Interestingly enough, Burgundian law codes from this time do include penalties and punishments relating to vineyards, specifically for theft and trespassing so there’s no doubt that the Burgundians, like all barbarians who settled in the ruins of the Roman Empire, were enthusiastic promoters of viticulture.

For a while stability returned but the Franks in the north were growing in power and conflict between them and the Burgundians was not far off.

In 493AD king Chilperic II of Burgundy was assassinated by his brother and co-ruler Gundobad (the Germanic rulers followed a pattern of splitting their kingdoms among their sons which usually led to intrigue, murder and civil war until one came out on top).

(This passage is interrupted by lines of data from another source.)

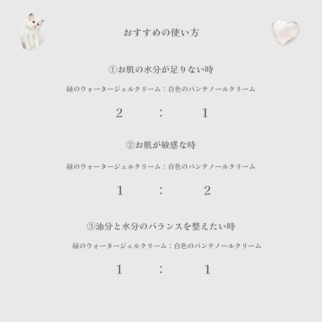 季節、天気、ホルモンなどによって日々変化するお肌の調子に合わせて自分の好きなように使えるデュアルクリーム。 2種類のクリームがお肌の潤い・栄養・活力まで!もっちりハリのある素肌を叶える! 肌の水分が足りない日はウォータージェルクリーム、肌が敏感になっている日はパンテノールクリームの量を増やして使用すると良いらしく、使い分けできるのが嬉しいです。
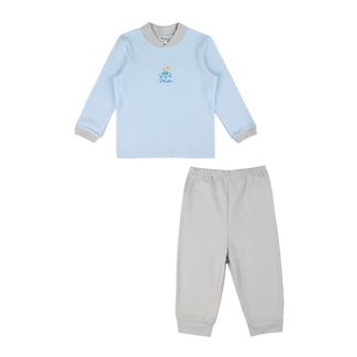 Пижама детская Picollino светло-голубой/серый выполнена из хлопка средней плотности. Горловина и манжеты пижамы оформлены трикотажной резинкой. Кофточка дополнена принтом на груди. Штанишки свободного кроя на резинке. Состав: 100% хлопок.Внимание! Фактический цвет изделия может незначительно отличаться от цвета на фотографии в связи с особенностями цветопередачи различных цифровых устройств. None
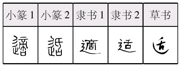形声,小篆1从辵,啻(chì)声,隶定为“適”,音符改为啇(dī)。读shì,本义为去往、到,引申为女子出嫁、符合、切合、舒服、副词(恰巧、恰好)等。小篆2从辵, (kuò)声,隶定为“ ”,又作“适”。读kuò,本义为迅速,多用于古代人名。近代俗字、《简化字表》把“適”简作“适”,音符改为舌。为避免混淆,规定古代人名的“适”可写作“ ”。 【辨析】 “适”与“適”不是等义简繁字。 【构词】 适当(適當)∣适度(適度)∣适合(適合)∣适量(適量)∣适口(適口)∣适时(適時)∣适宜(適宜)∣适应(適應)∣适用(適用)∣适中(適中)∣合适(合適)∣闲适(閒適)∣削足适履(削足適履)∣洪适(洪适,人名)∣南宫适(南宫适,人名) |
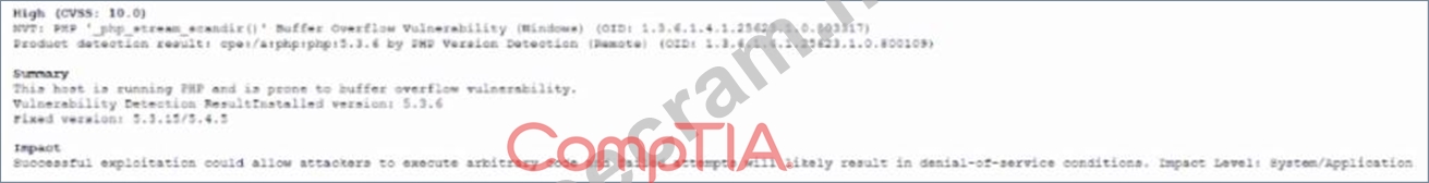 Question 105: A vulnerability scanner detected an obsolete version of an o...
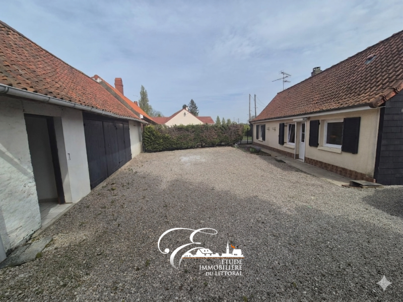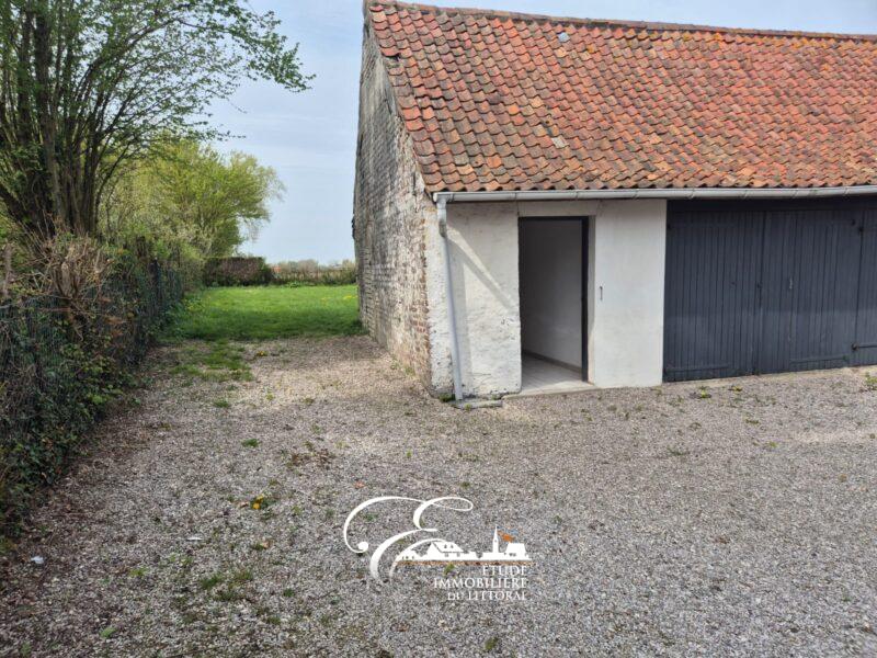 Grand garage, cour en cailloux et terrain enherbé.
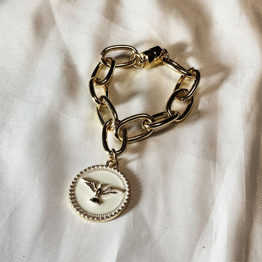 PULSEIRA DOURADA DIVINO ESPÍRITO SANTO RESINADO BRANCO (3 UNIDADES)
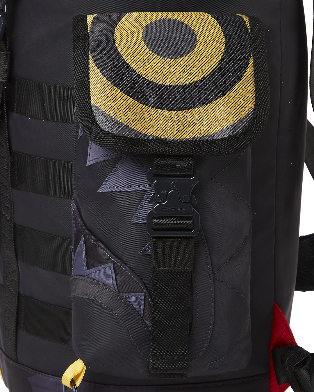 Dimensions: 18" x 6" x 11.5" ? Top Flap opening w/ adjustable metal enamel buckles and drawstring closure?
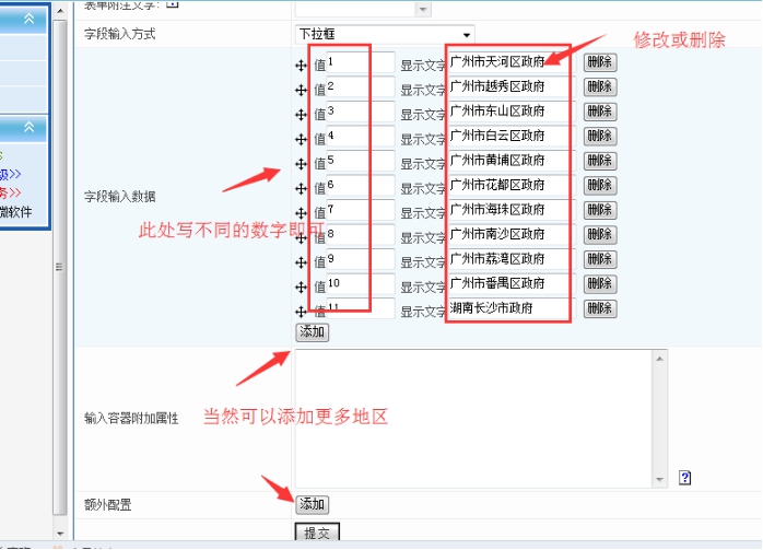 3、進入后,里面可以修改現有的地區。也可以添加更多地區。左邊的那個值是數字,可以任意添加,但是需要不同。最后點擊提交。
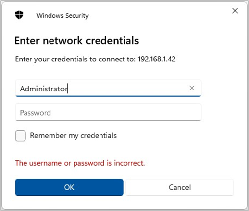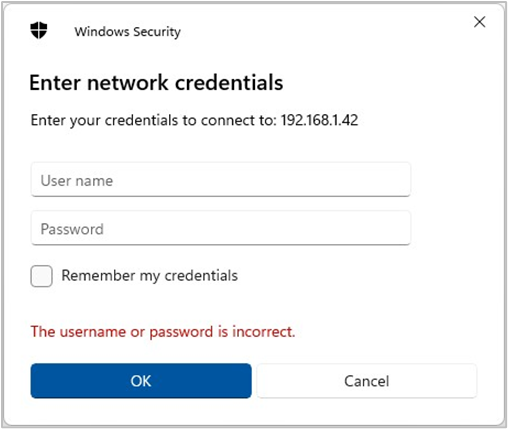 2. ใส่ User name ที่ได้จากเครื่อง Server > คลิก OK
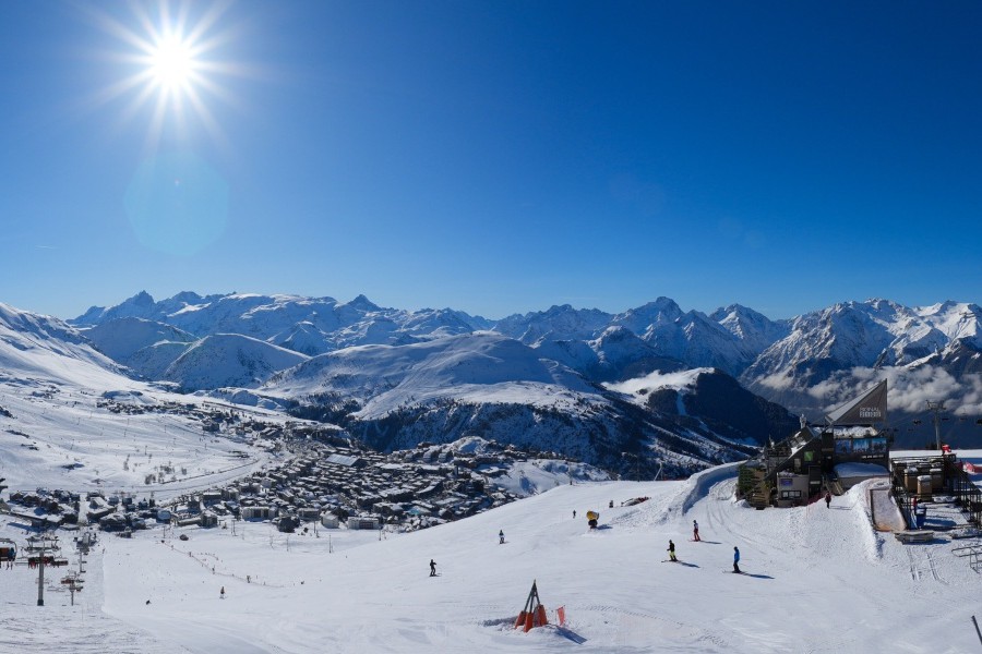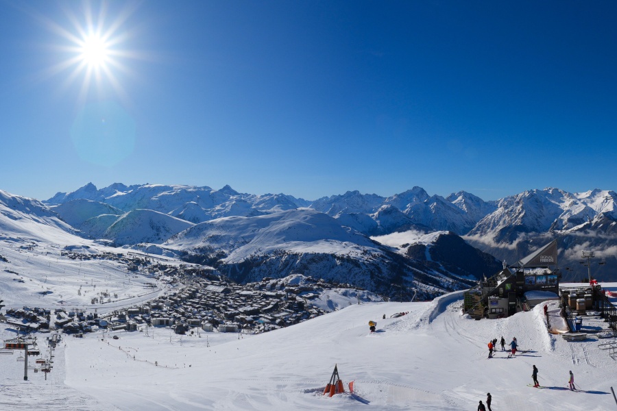 Coneguda com la "Illa del Sol", Alpe d'Huez és una de les estacions d'esquí més assolellades dels Alps francesos , ubicada al massís de Grans Rousses. Aquest complex esquiable compta amb una extensa varietat de pistes per a tots els nivells i unes vistes impressionants de la vall de Romanche i els cims circumdants. L'estació, situada a 1.860 metres d'altitud, ofereix 250 km de pistes i la famosa pista negra de Sarenne, de 16 km de longitud, una de les més llargues del món. Alpe d'Huez és una destinació excel·lent tant per als que volen un dia complet d'esquí com per als que busquen activitats alternatives i un entorn vibrant.
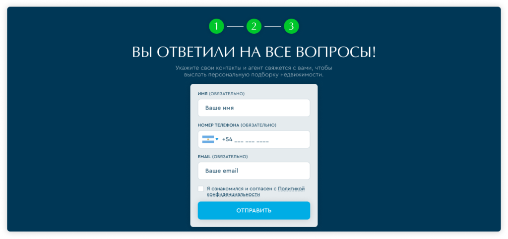 Этап верстки и настройки занял ½ времени работы над проектом, так как требовалось реализовать динамические элементы и несколько типов форм обратной связи. Затем выполнили настройку всех форм таким образом, чтобы информация о лиде (его контакты, гео, “точка входа” и другие данные) направлялась в CRM агентства.

One of Chilperic’s daughters was sent to a convent but the other, Clotilda, escaped to her uncle, Godegisel, another co-ruler in Geneva.

She was then courted by and married to Clovis, king of the Franks, and it is she who is said to have converted him to Christianity – which he undertook at Reims, where French kings would continue to be crowned for over 1,000 years afterwards.

In 507AD the Franks defeated the Visigoths at Vouillé and conquered Aquitaine, driving the Visigoths into their Spanish domains, where they ruled until the Islamic invasions of the 7th and 8th centuries.

With that powerful enemy defeated in the west, the Merovingian Franks soon turned their attentions on the Burgundian kingdom and Clotilda – very much in the vein of the vengeful Kriemhild – encouraged her sons to war against the new Burgundian king, her cousin Sigismund.

Sporadic campaigning in the 520s produced no decisive result (though Sigismund was assassinated by another rival) but in 532AD, a more determined campaign by Clotilda’s sons Childebert I and Clothar I led to the battle of Autun where the last Burgundian king, Godomar, was killed and his lands conquered in a second Götterdammerung – the one Wagner didn’t put to music.

The first kingdom of Burgundy was subsumed within the Frankish fold but while this marks the end of barbarian, Germanic Burgundy, it is only the beginning of Burgundy’s story.